RGA enters mid-May with a constructive analyst setup that sits in visible contrast to a stock that has barely moved this week — and the gap between where analysts think it should trade and where it actually trades is the most interesting tension right now.
The stock closed Friday at $210.15, up just over 2% for the month but flat on the week (-0.2%). The mean analyst price target of $250.22 implies roughly 19% upside from current levels. That's a meaningful gap for a large-cap reinsurer with a $13.8 billion market cap, and it has held up through a week of active analyst engagement.
The Street's direction has been unmistakably positive this week. JP Morgan raised its target to $270 from $264 on May 7, maintaining Overweight. Barclays followed on May 8, lifting its target to $268 from $256, also keeping an Overweight rating. The only mild exception came from Piper Sandler on May 11, which nudged its target a fraction lower to $261 from $263 while staying at Overweight. The picture that emerges is a group of bellwether firms with virtually identical convictions: the business is performing, but the stock has lagged. UBS remains the lone hold at Neutral, with a $220 target — more in line with where RGA actually trades. Bulls point to improving new-money yields (6.04%), a higher operating ROE target of 13%-15%, and an 8%-10% EPS growth path. Bears flag headwinds in Asia Pacific, higher-than-expected corporate costs, and the drag from international units on near-term earnings. The most recent Q1 print on May 7 sent the stock down 1.9% over the following session and 1.6% over the following five days — a modest negative reaction, not a collapse.
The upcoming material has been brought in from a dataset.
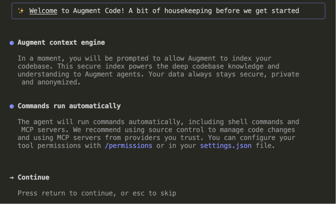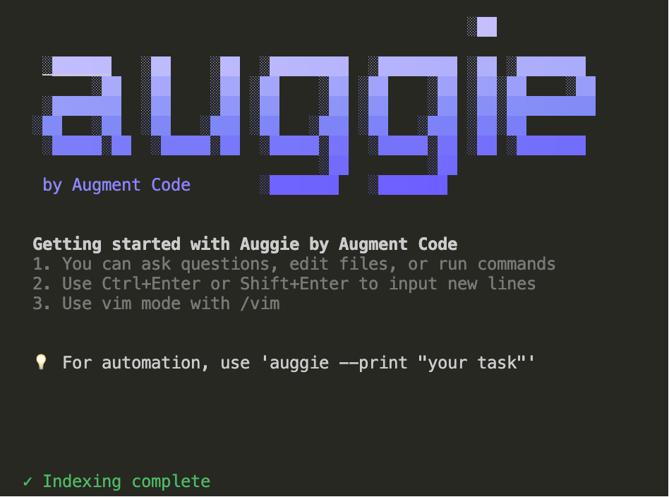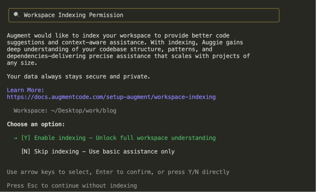 选择确认(Y)并回车,Auggie会启动索引流程。

Short positioning offers essentially no drama. SI as a percentage of free float is just 1.43%, and it has fallen 6.5% over the past week to roughly 941,000 shares. Days to cover is under half a day at 0.38. The borrow market is loose by any measure — availability is effectively unconstrained — and cost to borrow, though up 70% over the past week, remains at a near-negligible 0.51% annualised. That week-on-week spike in CTB looks sharp in percentage terms, but in absolute terms it is moving from one trivial level to another slightly less trivial one. There is no squeeze dynamic here, no accumulation of bearish conviction. The short score of 30.7 out of 100 reflects exactly that.
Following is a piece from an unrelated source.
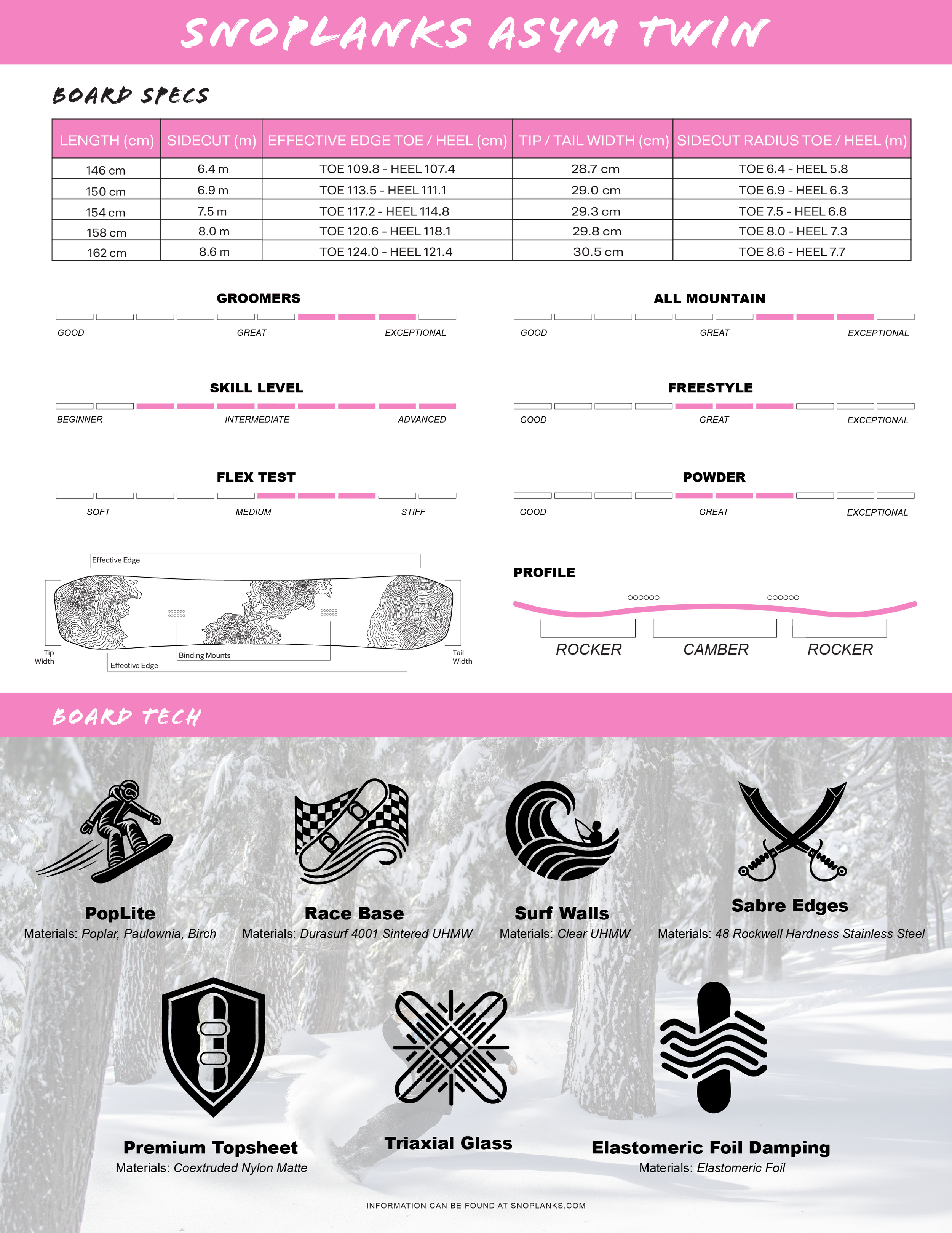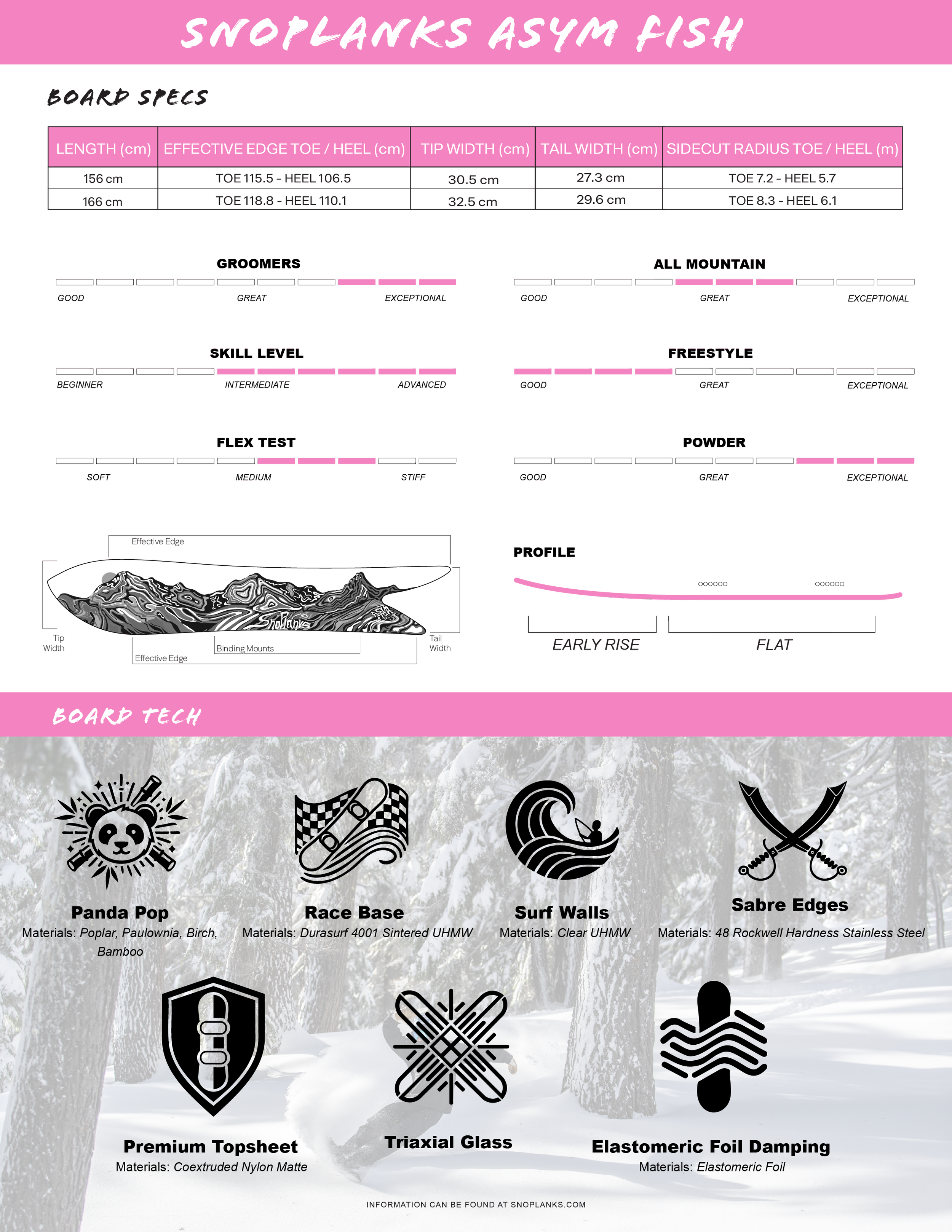 Developed visual rating bars for terrain, skill level, flex, and riding style

Options positioning, however, has turned more cautious than the short interest data would suggest. The put/call ratio is running at 1.01 — well above its 20-day average of 0.72 — placing it roughly 1.3 standard deviations above the mean. That shift began sharply in early May: before May 7, the PCR was consistently in the 0.49-0.64 range, reflecting a broadly neutral-to-bullish options market. After the earnings print, it jumped above 1.04 and has stayed there. Options traders appear to be adding hedges in the wake of the results, even as equity analysts are lifting targets. That divergence is worth noting — it is not a flashing red signal, but it marks a shift in the risk-appetite tone among derivatives participants.
Institutional ownership is deep and diversified. Vanguard holds 10.6% and BlackRock 9.9%, with FMR (Fidelity) at 8.8% and Harris Associates at 6.5% — a concentrated passive-and-quality-active base that provides relative float stability. Harris added over 915,000 shares in the period ending December 2025, the largest single institutional build in the table. On the valuation side, the trailing P/E is 7.66x, down modestly over the past week as the stock ticked lower, while the P/B ratio is 0.93x. For a reinsurer running toward double-digit ROE targets, sub-1x book is not alarming, but it does reflect the market's scepticism about how quickly that ROE improvement arrives. The dividend score ranks in the 94th percentile, though the most recent dividend data on file dates to 2022 — so that metric is best treated with caution.
The key watch in the coming weeks is whether the gap between the $210 price and the analyst consensus above $250 begins to close, or whether further caution in options positioning signals that investors need more evidence from the Asia Pacific segment before re-rating the stock higher.